彼の作品には立体的な曲線の美しさを随所に感じることができる。なぜ彼がそのような美の感性を持ち合わせたのかを考えるとそれは家庭環境にある。ガウディは父方母方共に銅細工の家系であり母方の祖父母の家で育った。祖父が朝早くから銅板を打ち付ける音を聞きながら成長し、朝に平たい銅板が夕方になると立体的なものに仕上がるものを見て育ったのである。ミケランジェロが石切場で育ち彫刻を追求したようにガウディもまた家庭環境の中で影響を受けた美の感性を仕事にしたのである。彼の作品に於ける美の曲線は家庭環境から刺激を受け、自然界のあらゆるものから拾い上げていったと考える。

1863年貧しい家庭の子供たちが通う修道会の学校に入学し、落ちこぼれの路線を歩いていたガウディにとって転機となる親友2人との出会いがあった。優秀な友人二人に引き上げられるように学業も伸び始め、友人と共に廃墟となった修道院の修復計画を立てたりしながらやがてガウディは建築の道へと進む。しかし建築高騰技術学校に進学してからも優秀とは言い難い一面があったとされている。

26歳で建築家としての資格を得てからパリ万博のクメーリャ手袋店のショーケースをデザインし、これがきっかけで40年もの間彼のパトロンとなる大富豪エウセビオ・グエルと出会う。ガウディが存分に活躍がてきたのはグエルあってのこと、そして彼自身のものを観察する目と物事を一つの形に成し遂げる思考が彼にしかなし得ない建築を生み出したのである。

以前サクラダ・ファミリアの主任彫刻家として活躍する外尾悦郎氏の講演を聞いたことがあるが、彼の作品のみならず我々人間ができることは観察と発見であると話していた。その上でガウディが問題を一つの解決策で解決しようとするのではなく、一つの問題をいくつもの考え方で結論を導き出す才能を持ち、そこに晩年傾倒したキリスト教的内容を織り交ぜていると話していた。ガウディの未完成の作品に多くの人々の尽力と時間、そして世界から訪れる観光客を魅了しているのは、やはり彼の独特すぎる作品の中に存在するシンプルな自然を見ているのではないかと考える。人間の生み出すもののベースは自然の中に存在すると多くの偉人が示してきたようにガウディもまた作品の中にもそれを見出すことができるのである。やはりガウディの人生からも子供は自然の中に多くのものを発見する遊びが重要なのだろう。そういつもそのの着地点に降り立つのである。

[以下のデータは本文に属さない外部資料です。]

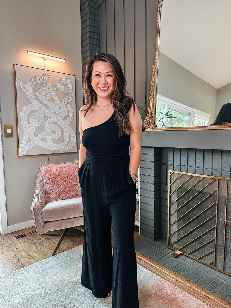 A one shoulder jumpsuit can be styled with wedges or with a pair of cute heeled sandals to give some length to your leg.
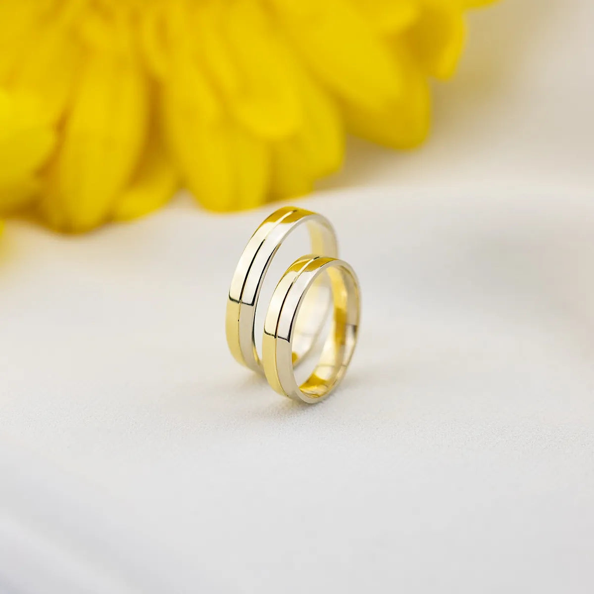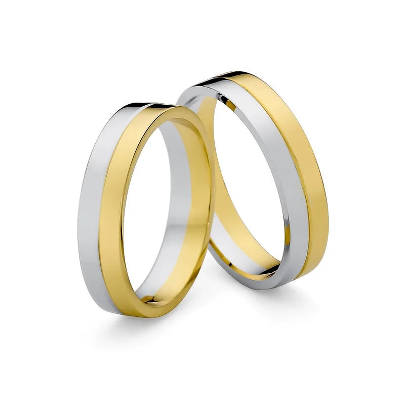 Flach zweifarbige Gold Trauringe Ringe 5mm
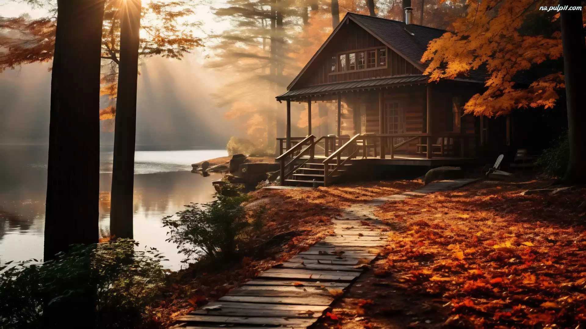 Opadłe, Jesień, Jezioro, Drzewa, Dom, Liście Na Pulpit

複雑そうに見えてシンプルなものこそ自然の中から影響を受けている。その根本にあるのは幼少期の観察眼であることをガウディの作り上げた空間に身を置き、再び彼の思考の中を想像し氏たいものである。今なら新たな発見をできそうな気がする。

300年はかかると言われていたサクラダ・ファミリアだが IT技術の革新的発達で2026年が完成予定であると発表された。これは衝撃の事実であったがガウディの考えていた世界を見ることができることにワクワクが止まらない。これからの子供達には偉人を紐解いてさらに一歩進んだものの見解を知り、子供たち自身の様々な叡智となることを期待したいものだ。